Situasi ini membuka peluang bagi Marselino untuk memulai kembali kariernya di Indonesia. Dengan usia muda dan status bintang Timnas, ia tetap memiliki nilai jual tinggi.
Banyak klub besar tentu tak akan melewatkan kesempatan untuk mengembalikan pemain kreatif ini ke tanah air.
Joey Pelupessy: Si Tangguh dari Belgia

Joey Pelupessy tampil cukup konsisten bersama Lommel SK di Belgia. Ia bahkan mencetak beberapa gol penting musim ini. Namun kontraknya yang hanya berdurasi satu musim membuat kelanjutan kariernya penuh tanda tanya.
Pelupessy sudah memberi sinyal akan mencari tantangan baru. Persib Bandung menjadi klub yang paling santer dikaitkan dengannya. Jika transfer ini benar terjadi, Persib berpotensi mendapatkan gelandang bertahan dengan mental Eropa tanpa mengeluarkan biaya besar.
Baca juga: Timnas Indonesia Menutup 2025 Tanpa Arah, Tapi Penuh Harapan Baru
Ragnar Oratmangoen: Sayap Kiri dengan Ambisi Baru

Ragnar Oratmangoen menjadi salah satu pemain yang belum menentukan arah kariernya. Bersama FCV Dender EH, ia tampil reguler, tetapi belum mencapai performa terbaik yang diharapkan.
Dengan kontrak yang juga akan berakhir Juni 2026, Ragnar berada di posisi yang cukup menguntungkan. Ia bisa memilih bertahan di Eropa atau mempertimbangkan tawaran dari Indonesia. Klub Super League yang membutuhkan winger cepat dan fleksibel tentu akan menaruh minat besar pada namanya.

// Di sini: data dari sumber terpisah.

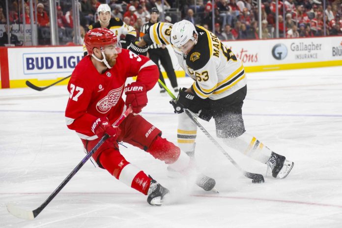 Marchand was called for hooking with 1:22 left. The Red Wings couldn’t tie it as Moritz Seider hit the crossbar with 30 seconds left and Swayman covered up.

Ramadhan Sananta: Penyerang Andalan yang Masih Dinamis

Berbeda dengan lima nama lainnya, Ramadhan Sananta justru tampil cukup stabil bersama DPMM FC. Penyerang lokal ini menjadi andalan di lini depan dengan catatan gol dan assist yang konsisten.
Meski masih ada peluang perpanjangan kontrak, status Sananta sebagai pemain Timnas membuatnya otomatis masuk radar klub Indonesia. Beberapa tim papan atas disebut tertarik memboyongnya kembali untuk memperkuat lini serang musim depan.

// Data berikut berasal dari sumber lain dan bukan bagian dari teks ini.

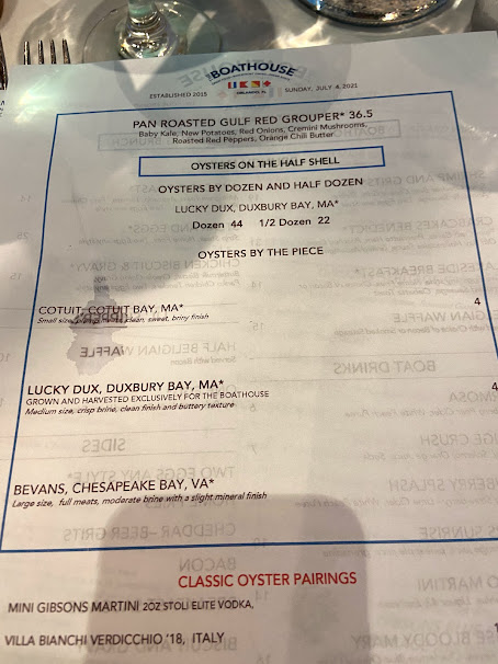 Since we were at the Boathouse, I had to start with some oysters on the half shell.

Dampaknya ke Super League Indonesia
Enam pemain abroad Timnas yang habis kontrak bersamaan ini menciptakan dinamika baru di pasar transfer. Klub Indonesia tidak lagi hanya berburu pemain lokal, tetapi juga mulai fokus mengembalikan talenta diaspora yang telah ditempa di luar negeri.
Bagi para pemain, pulang ke Indonesia bukan lagi dianggap sebagai langkah mundur. Justru sebaliknya, Super League kini menjadi panggung yang menjanjikan dari sisi profesionalisme, gaji, hingga peluang tampil rutin demi menjaga tempat di Timnas.
Jika dua atau tiga nama saja berhasil diamankan klub besar, peta persaingan musim depan dipastikan berubah. Bursa transfer 2026 tidak lagi sekadar ajang belanja pemain, tetapi momentum besar yang bisa menentukan arah baru sepak bola Indonesia.